Mr. Dean and Mr. Robenalt met through their mutual interest in Ohio-born President Warren Harding. Mr. Dean, who was born in Akron, spent some of his youth in Marion, Ohio. Harding had been the owner and publisher of the local newspaper in Marion.

In 2004, Mr. Dean wrote a book on the 29th president and Mr. Robenalt invited him to speak on a panel at Case Western Reserve University on presidents from Ohio.

A few years later, the men decided to collaborate on a legal education seminar on Watergate. The one they will present here this week is the second in a series.

"I can do it with considerable detachment today," Mr. Dean, 74, said in a telephone interview from his home in southern California. "We can use this history for a really great learning tool. The impact is powerful."

Mr. Dean, who pleaded guilty to a felony charge for his role in Watergate, cooperated with the prosecution as a key witness but was disbarred. He was sentenced to one to four years in prison but served only four months in a "safe house" facility "because they were more interested in keeping me alive," he said.

In the years since Watergate, he has lived with his wife, Maureen, in Beverly Hills and worked as an investment banker, writer and lecturer.

Asked why he never pursued reinstatement of his law license, he said, "I never had the desire to practice. I've been there, done that. I didn't want to mess with the politics of it all. ... I never had a problem making a living."

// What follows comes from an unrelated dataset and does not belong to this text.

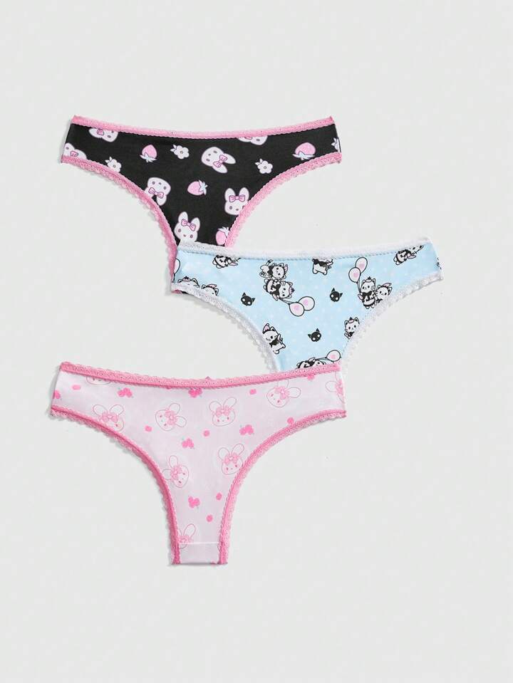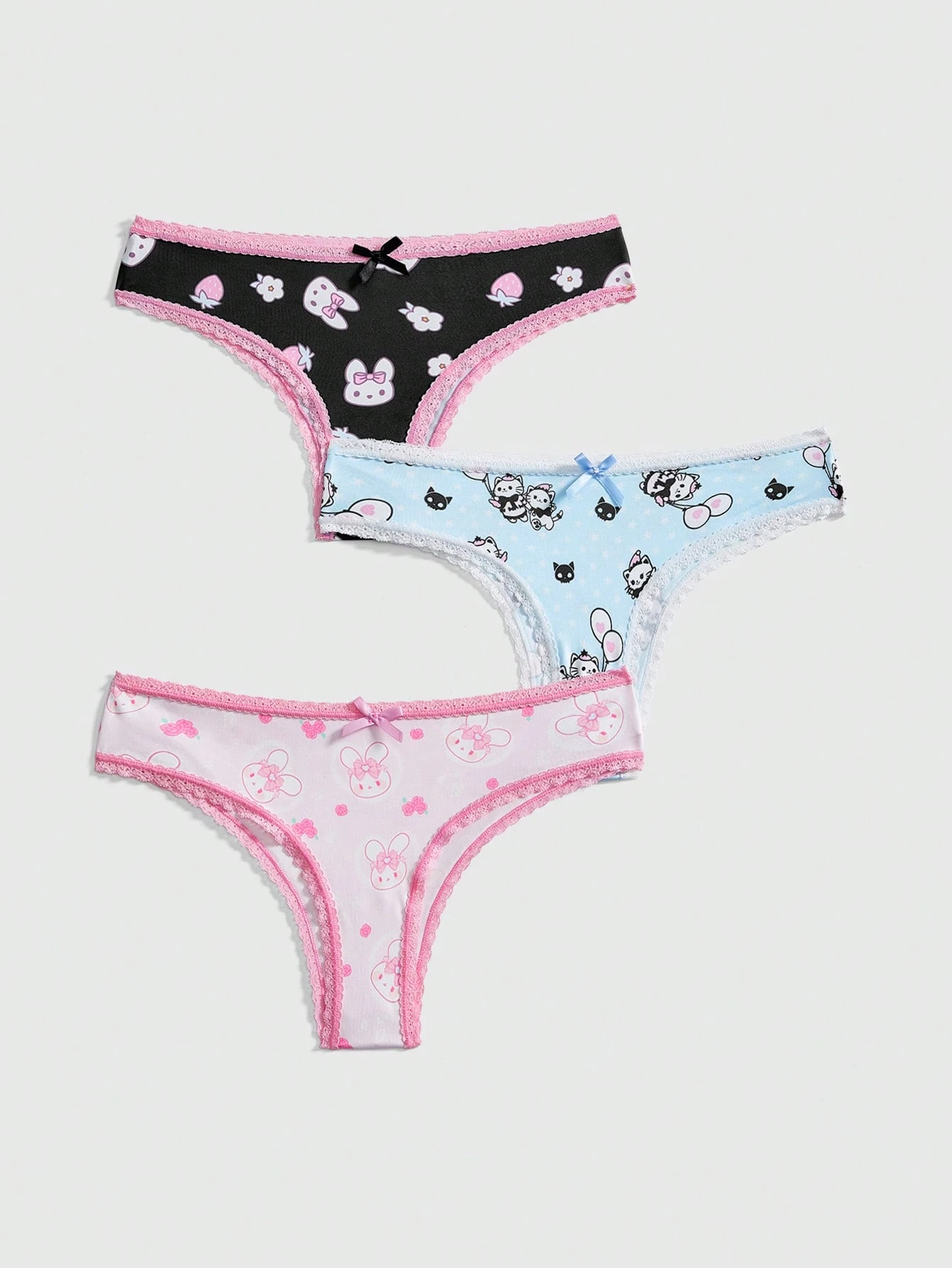 Kawaii Set de 3 pantis con encaje y estampado de gatitos y conejos lindos para mujeres

Though Mr. Dean was raised mainly in Ohio, he said he has strong family links to Pittsburgh: His parents met here while his father attended what was formerly known as Carnegie Institute of Technology, now Carnegie Mellon University, and his mother attended Chatham College, now Chatham University. His son resides in the Pittsburgh area.

Registration for the forum is closed. Walk-ins may attend if they arrive by 8:30 a.m. The event at Duquesne is sold out.